← Research

Why Birds Sing

Coupling function predicts call structure across species.
79 recordings. 6 species. The structure tracks the function.
JIM’S OVERSIMPLIFICATION

Birds sing for 5 reasons. Territory, mating, alarm, contact, and the dawn chorus. Everyone studies WHAT they sing (spectrograms) and HOW (syrinx mechanics). Nobody asks WHY in a way that makes predictions. The framework does: if you know the coupling function, you can predict the structure of the call before you hear it. Territory calls should be repetitive and medium-energy (maintaining a boundary). Mating calls should be complex and consonant (establishing new coupling). Alarm calls should be short, harsh, and unpredictable (breaking coupling). Contact calls should be simple and periodic (maintaining existing coupling). Dawn chorus should show a phase transition (scattered to synchronized). We tested 79 recordings across 6 species. The structure tracks the function.

K IN THIS DOMAIN

K is coupling between the singer and the listener. A territory song is high-K: locked, repetitive, broadcasting “I’m here” on a stable frequency. An alarm call is anti-coupling: short, sharp, designed to break whatever you were doing. Contact calls are maintenance coupling: “still here, still here.” Mating songs are coupling proposals: complex enough to show fitness, consonant enough to feel good. Same K that governs a drummer locking in with a room.


The Thesis

Every bird call has a coupling function — the reason it exists. Territory, mating, alarm, contact. If the framework is real, the function should predict the structure. Not after the fact. Before you look at the data.

We wrote the predictions first:

Predictions (written before analysis)

Songs (territory/mating) should have higher K (more autocorrelation), higher R (richer spectrum), higher T (more timing variability — rubato), and higher consonance than calls.

Calls (contact/alarm) should be simpler, more periodic, lower entropy.

Alarm calls should show the lowest K and highest entropy of any type — designed to startle, not couple.

Dawn chorus should show a phase transition — R climbing as scattered individuals synchronize into a coordinated soundscape.

Consonance should be high everywhere — birds, like humans, should prefer simple frequency ratios.

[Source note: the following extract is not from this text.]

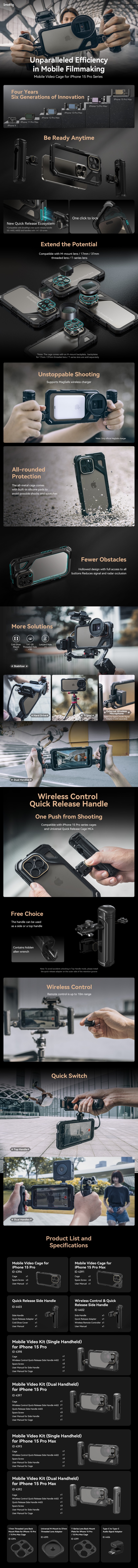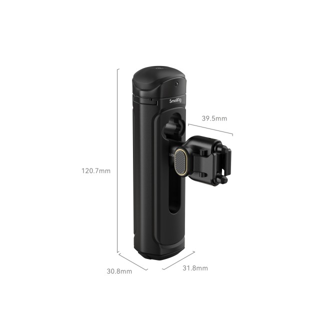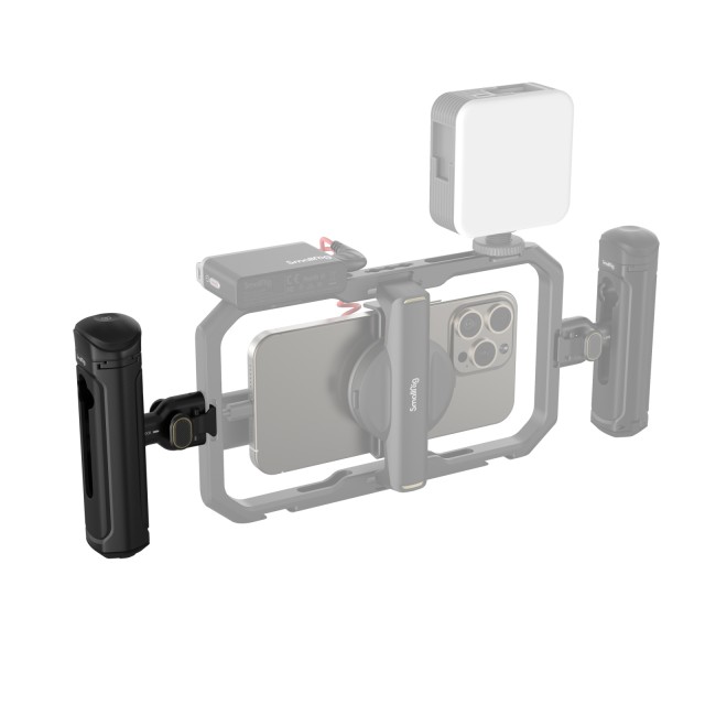 Der SmallRig Wireless Control & Quick Release Side Handle 4402 wird mit einem wiederaufladbaren kabellosen Fernbedienungsmodul geliefert, das mit den Foto- und Videofunktionen der meisten Android / IOS Mobiltelefone kompatibel ist, sowie mit einem Schnellwechseladapter, der den Griff sofort mit SmallRigs neuer Schnellwechselkäfig-Serie verbindet. Er kann bei vertikaler Montage als oberer Griff dienen. An der Oberseite des Griffs befindet sich ein Kaltschuhanschluss für ein Mikrofon oder eine LED-Videoleuchte.

Then we analyzed 79 recordings from xeno-canto.org across 6 species: European Robin, Eurasian Wren, Great Tit, Common Blackbird, Song Thrush, and House Sparrow — plus 10 dawn chorus recordings.


What We Found

1. Songs are more coupled AND more complex than calls

Songs show higher spectral richness (R = 0.748 vs 0.693 for calls) and dramatically higher timing variability (T = 0.993 vs 0.834). Songs have more rubato — they breathe. Calls are metronomic.

Songs stretch and compress time. Calls keep it steady. Same pattern as human music vs. speech: musicians play with time, speakers don’t.

Song T = 0.993    Call T = 0.834 Songs breathe. Calls clock.

2. The consonance finding

This is the result that matters most. Consonance is remarkably stable across all call types and species — the channel doesn’t change, only the message does. Territory songs, mating calls, alarm calls, contact calls: they all use simple frequency ratios at comparable rates. The lowest single recording is 82%. Birds overwhelmingly prefer octaves, fifths, fourths — intervals that birds and humans both favor.

This is not cultural. No bird learned Western music theory. This is physics: the ear (avian or mammalian) is a frequency analyzer, and simple ratios are cheaper to process. The invariance across call types is the finding — it suggests consonance is a property of the transmission medium, not the signal content.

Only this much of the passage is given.